> Goal of the exercise:
Using the material below, return exactly the lines between the one holding "安装向导默认设置的软件默认安装路径为C:\Program Files (x86)\DataNumen\DataNumen" and the one holding "Our oversized weekender", inclusive, and no others.

> Dataset records:
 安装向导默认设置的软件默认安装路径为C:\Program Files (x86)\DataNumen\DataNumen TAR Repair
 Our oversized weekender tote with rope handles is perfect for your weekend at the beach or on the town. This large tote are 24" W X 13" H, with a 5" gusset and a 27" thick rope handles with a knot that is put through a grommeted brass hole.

--

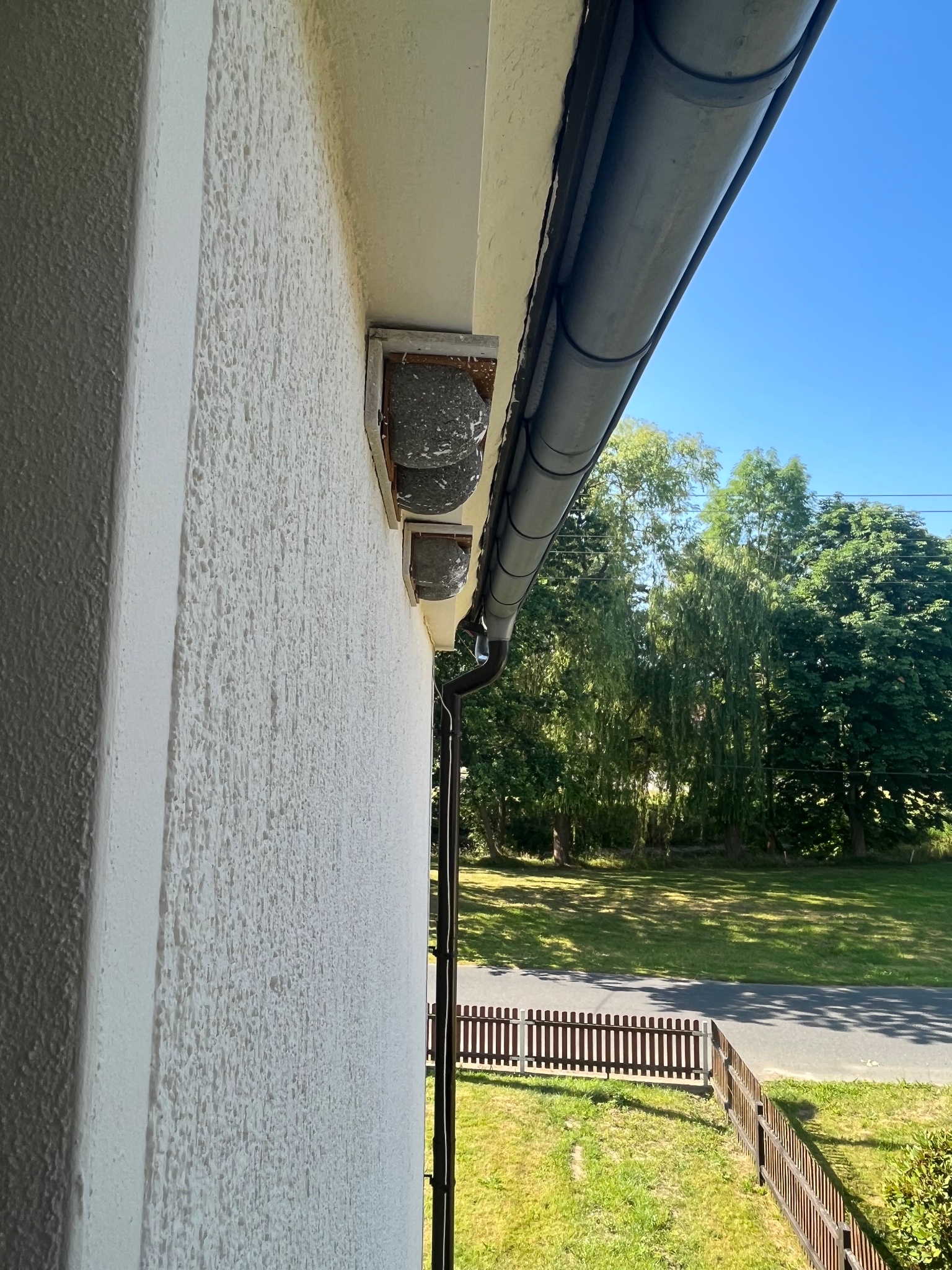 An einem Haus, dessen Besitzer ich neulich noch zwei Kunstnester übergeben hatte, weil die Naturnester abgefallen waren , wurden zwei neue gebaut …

> Response to the task:
 安装向导默认设置的软件默认安装路径为C:\Program Files (x86)\DataNumen\DataNumen TAR Repair
 Our oversized weekender tote with rope handles is perfect for your weekend at the beach or on the town. This large tote are 24" W X 13" H, with a 5" gusset and a 27" thick rope handles with a knot that is put through a grommeted brass hole.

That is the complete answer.